Without the pictures, retype each line below exactly as it stands.

> DATASET EXTRACT:
--------------------------------

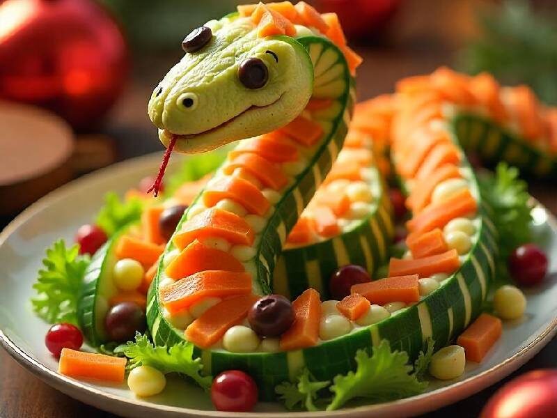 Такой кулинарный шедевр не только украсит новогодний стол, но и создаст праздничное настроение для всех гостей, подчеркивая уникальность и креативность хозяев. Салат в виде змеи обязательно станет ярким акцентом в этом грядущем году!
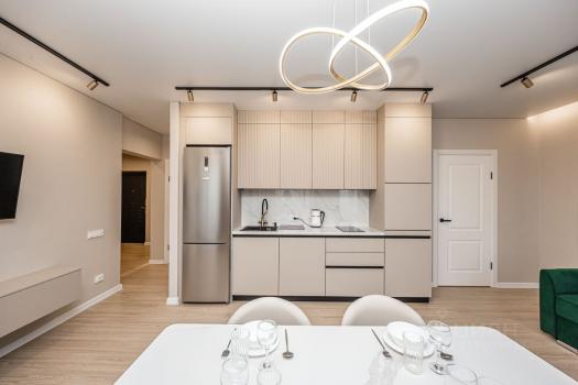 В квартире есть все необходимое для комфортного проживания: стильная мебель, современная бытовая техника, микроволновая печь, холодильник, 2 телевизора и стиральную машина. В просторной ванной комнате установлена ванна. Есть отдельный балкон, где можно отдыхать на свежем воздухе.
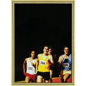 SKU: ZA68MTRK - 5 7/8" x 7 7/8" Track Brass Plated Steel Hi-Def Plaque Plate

--------------------------------

> SOLUTION TO THE PROBLEM:
 Такой кулинарный шедевр не только украсит новогодний стол, но и создаст праздничное настроение для всех гостей, подчеркивая уникальность и креативность хозяев. Салат в виде змеи обязательно станет ярким акцентом в этом грядущем году!
 В квартире есть все необходимое для комфортного проживания: стильная мебель, современная бытовая техника, микроволновая печь, холодильник, 2 телевизора и стиральную машина. В просторной ванной комнате установлена ванна. Есть отдельный балкон, где можно отдыхать на свежем воздухе.
 SKU: ZA68MTRK - 5 7/8" x 7 7/8" Track Brass Plated Steel Hi-Def Plaque Plate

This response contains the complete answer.